(Data supplied begins)

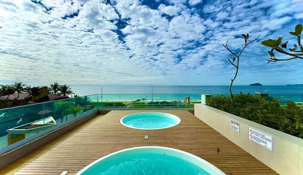 Boasting a year-round outdoor pool, a sauna and a hot tub, Apto Vista Mar Home Club Pé na Areia 3 Quartos Ares Condicionados Cozinha Completa Piscina Aquecida Jacuzzi Sauna Academia Quadra Playground...
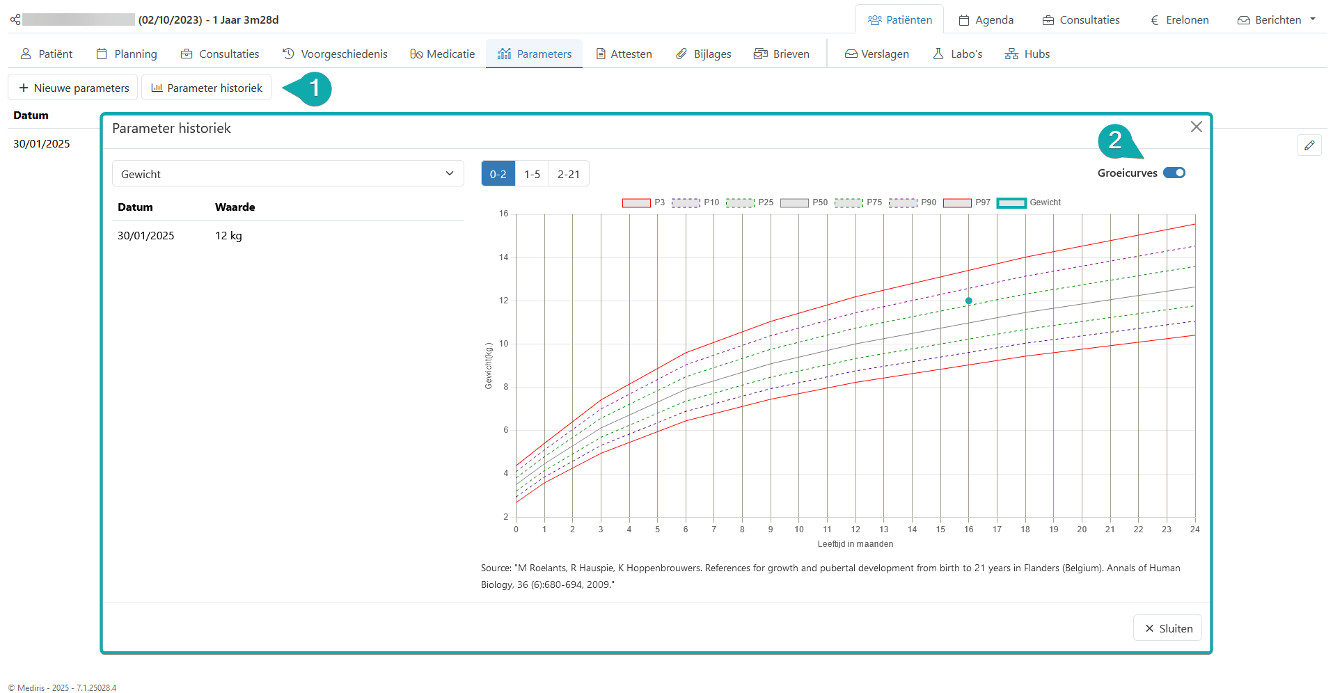 U kan de groeicurves terugvinden in het patiëntendossier in het tabblad "Parameters". Als u minstens één keer de parameters hebt geregistreerd voor de patiënt vindt u daar de knop "Parameters historiek" terug. Vervolgens kan u in de pop-up aanduiden dat u de groeicurves wilt bekijken.
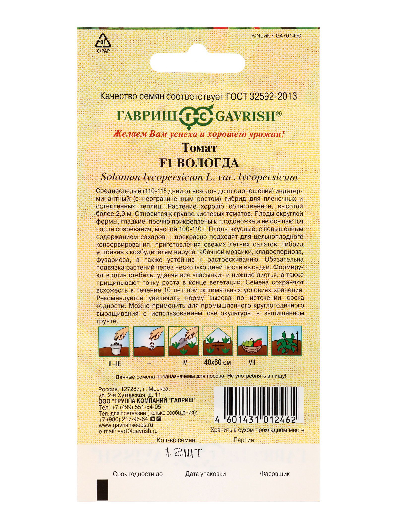 Семена Томат Вологда F1 12 шт. автор., Гавриш, Россия
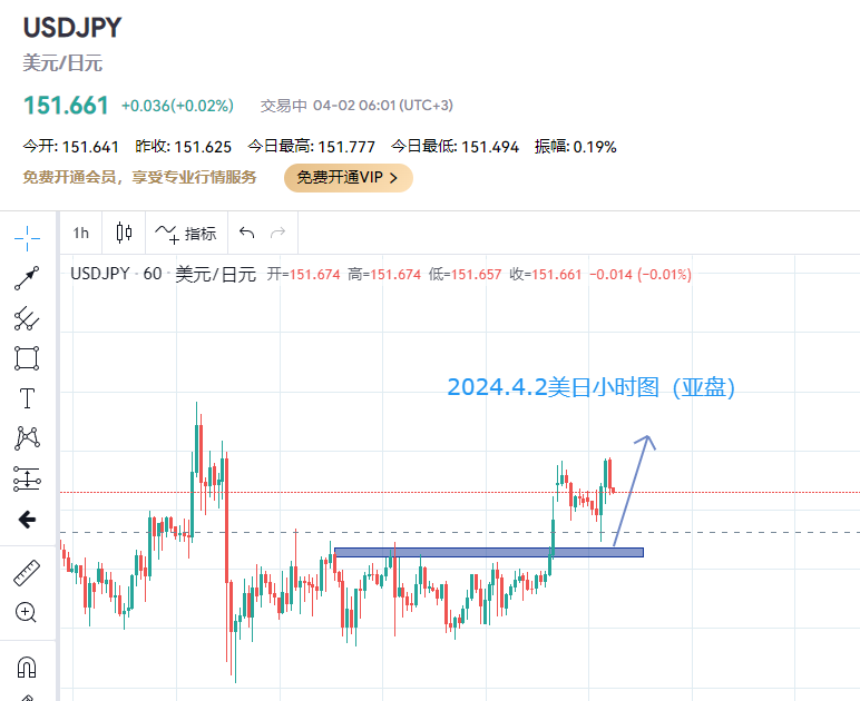 伴随着日本央行的利率决议之后,美元兑日元3月20日测试151.80后,日线围绕151.80-151.00高位区域已连续震荡10个交易日。 从盘面上看,经过高位的震荡修复之后,昨日日线收阳,后市大概率进一步上攻,打开新一轮的上攻行情。 美日小时级别关注151.40-151.50区域做多机会,多头关注151.80-152.00区域上破机会。该区域上破后,后市延续的上涨行情将会给多头头寸带来新一波利润。 本文客观理性的对后市走势做出方向性判断,文中操作建议仅为作者个人观点,且作者秉承“重势不重价”的交易原则,所以需要盘中实时调整点位, 内容仅代表作者观点,仅供学习交流,并不构成操作
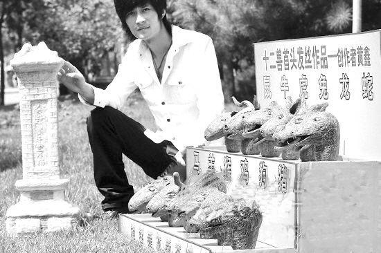 20日,北京一位时尚发型设计师展示头发丝作品“十二生肖兽首”与“人民英雄纪念碑”。为迎接祖国60华诞并展示发艺界的艺术文化元素,四川青年理发师黄鑫用碎头发制作了一套微型“十二生肖兽首”,每个以1.2公斤的碎头发制作,历时4个多月才完工。“人民英雄纪念碑”历时3个多月完工。中新 摄
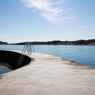 Bada på fantastiska Marstrand! Här finns badstegar, så att du lättare kan ta dig ett dopp i havet. När du har badat finns många möjligheter att äta på något av öns alla matställen.
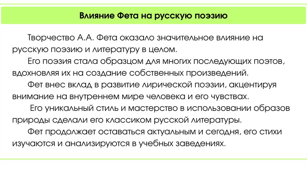 Влияние Фета на русскую поэзиюТворчество А.А. Фета оказало значительное влияние на
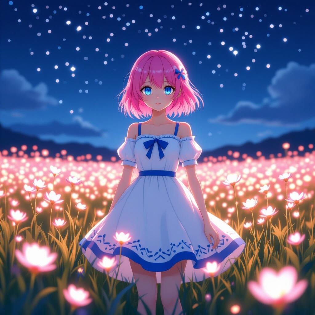 This image showcases an anime girl with pink hair in a white dress amidst glowing flowers under a starry sky. It features cel-shaded art and dramatic lighting, reminiscent of dynamic animation studios.
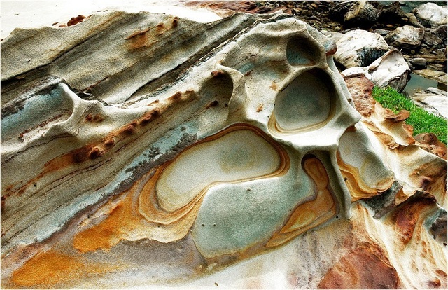 砂岩中的理含的物,受到多多雨的侵,容易生氧化作用,形成氧化的花;氧化更造成岩的硬不一,形成不同的侵的速率,通常岩的部份比容易崩掉落,理面硬,不只在岩石上生凹凸不平的次,更使岩石形成深不同的色彩,也正是被「霜淇淋岩」的 南雅奇石 由。- 月 / 北角的地人文旅行

(Data supplied ends)

• **Task item**
Nothing but the lines above, starting at the line that contains "U kan de groeicurves" and ending at the line that contains "This image showcases", should be given again, exactly and without the pictures.

• **Written response**
 U kan de groeicurves terugvinden in het patiëntendossier in het tabblad "Parameters". Als u minstens één keer de parameters hebt geregistreerd voor de patiënt vindt u daar de knop "Parameters historiek" terug. Vervolgens kan u in de pop-up aanduiden dat u de groeicurves wilt bekijken.
 Семена Томат Вологда F1 12 шт. автор., Гавриш, Россия
 伴随着日本央行的利率决议之后,美元兑日元3月20日测试151.80后,日线围绕151.80-151.00高位区域已连续震荡10个交易日。 从盘面上看,经过高位的震荡修复之后,昨日日线收阳,后市大概率进一步上攻,打开新一轮的上攻行情。 美日小时级别关注151.40-151.50区域做多机会,多头关注151.80-152.00区域上破机会。该区域上破后,后市延续的上涨行情将会给多头头寸带来新一波利润。 本文客观理性的对后市走势做出方向性判断,文中操作建议仅为作者个人观点,且作者秉承“重势不重价”的交易原则,所以需要盘中实时调整点位, 内容仅代表作者观点,仅供学习交流,并不构成操作
 20日,北京一位时尚发型设计师展示头发丝作品“十二生肖兽首”与“人民英雄纪念碑”。为迎接祖国60华诞并展示发艺界的艺术文化元素,四川青年理发师黄鑫用碎头发制作了一套微型“十二生肖兽首”,每个以1.2公斤的碎头发制作,历时4个多月才完工。“人民英雄纪念碑”历时3个多月完工。中新 摄
 Bada på fantastiska Marstrand! Här finns badstegar, så att du lättare kan ta dig ett dopp i havet. När du har badat finns många möjligheter att äta på något av öns alla matställen.
 Влияние Фета на русскую поэзиюТворчество А.А. Фета оказало значительное влияние на
 This image showcases an anime girl with pink hair in a white dress amidst glowing flowers under a starry sky. It features cel-shaded art and dramatic lighting, reminiscent of dynamic animation studios.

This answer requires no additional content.